Nelson Immune Diseases #2 Flashcards
SS-A and SS-B antibodies are diagnostic of what?
Sjogren Syndrome
Citrullinated peptide antibodies?
Rheumatoid arthritis
ANA, dsDNA, anti-Smith, and sometimes Ribosome P antibodies
SLE
Anti U1-RNP antibodies
Mixed connective tissue disease
Scl70
Scleroderma
Jo1
Polymyositis
Anti-centromere antibodies
CREST syndrome (of limited scleroderma)
What does WASP protein do and tell me about the disease it is mutated in.
Involved in cell migration and signal transduction. Wiskott-Aldrich Syndrome: immunodeficiency with eczema and thrombocytopenia.
X-linked.
Depletion of T lymphocytes, low IgM.
Chediak-Higashi syndrome
defective fusion of phagosomes and lysosomes in phagocytes, resulting in defective phagocyte function and susceptibility to infections.
SCID
most commonly Adenosine deaminase deficiency. adenine toxic to B and T cells, decreases dNTP precursors for DNA synthesis.
DiGeorge
failure of 3rd and 4th pharyngeal pouches to develop–thymus and parathyroid glands fail to develop. low levels of T lymphocytes
Bruton’s aggamaglobulinemia
x-linked. failure of pro and pre B cells to develop into mature B cells because of a mutated Bruton’s tyrosine kinase (Btk). Obvious at age 6 months when mother Ig is gone.
Common variable immunodeficiency
both sexes affected equally. failure of B cells to develop into plasma cells. onset of symptoms is later.
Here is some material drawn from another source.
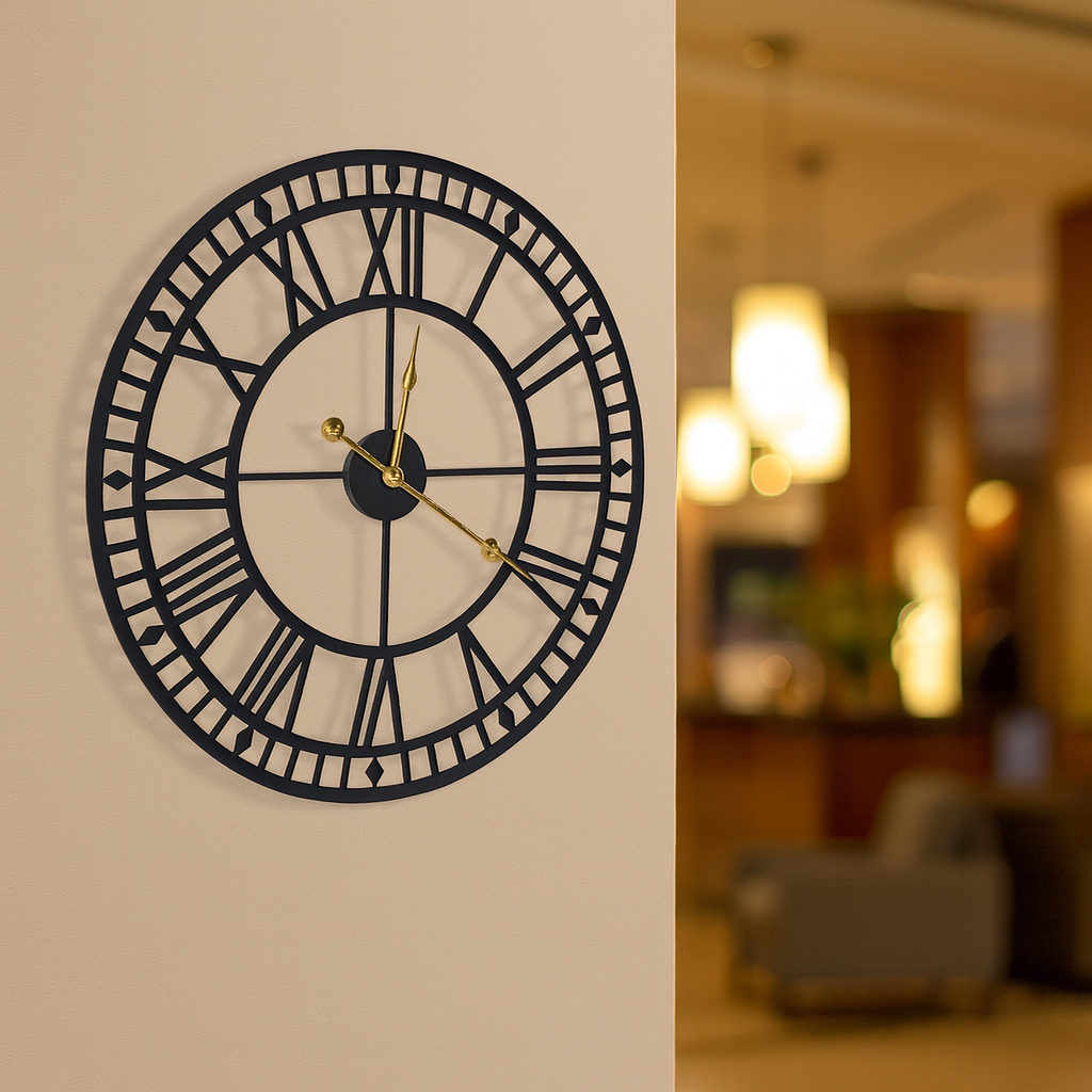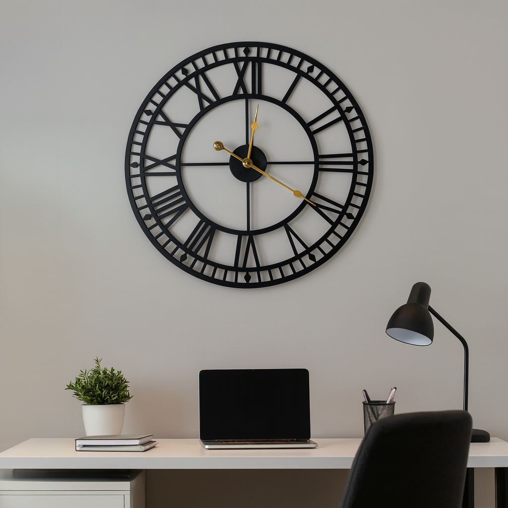 Enhance your home with the timeless elegance of the Oversized Round Metal Wall Clock. Measuring an impressive 32 inches, this statement piece features a sleek black metal frame with bold Roman numerals, adding a touch of vintage charm and modern sophistication to any room. Designed with silent, non-ticking quartz movement, it ensures a peaceful atmosphere while keeping accurate time. Perfect for living rooms, kitchens, offices, or entryways, this clock blends seamlessly with industrial, farmhouse, and contemporary decor styles.

Difference between dermatomyositis and polymositis
dermatomyositis: injury to small blood vessels in skeletal muscle along with skin rash. perifascicular myocyte atrophy secondary to ischemia–clinically present with muscle weakness and skin rash (upper eyelid discoloration, periorbital edema, scaling erythematous eruption over knuckles, elbows, and knees (Gottron’s papules).
Polymyositis: muscle involvement like dermatomyositis, lack of skin involvement! Anti-Jo1 antbodes directed against histidyl t-RNA synthetase. Appears that muscle injury caused by activated CD8+ T cells. NO perifascicular atrophy.
Systemic sclerosis (Scleroderma)
chronic inflammation, damage to small blood vessels, perivascular fibrosis of skin and several organs (skin, GI, kidneys, heart, muscles, lungs).
Diffuse scleroderma: widespread skin involvement at onset, rapid progression and early visceral involvement.
Limited: skin limited to fingers, forearms, face, late visceral involvement. Some patints develop CREST syndrome (Calcinosis, Raynaud’s, esophogeal dysmotility, sclerodactyly, and telangectasia).
Note: the pathological findings are secondary to ischemic damage and fibrosis in the affected organs.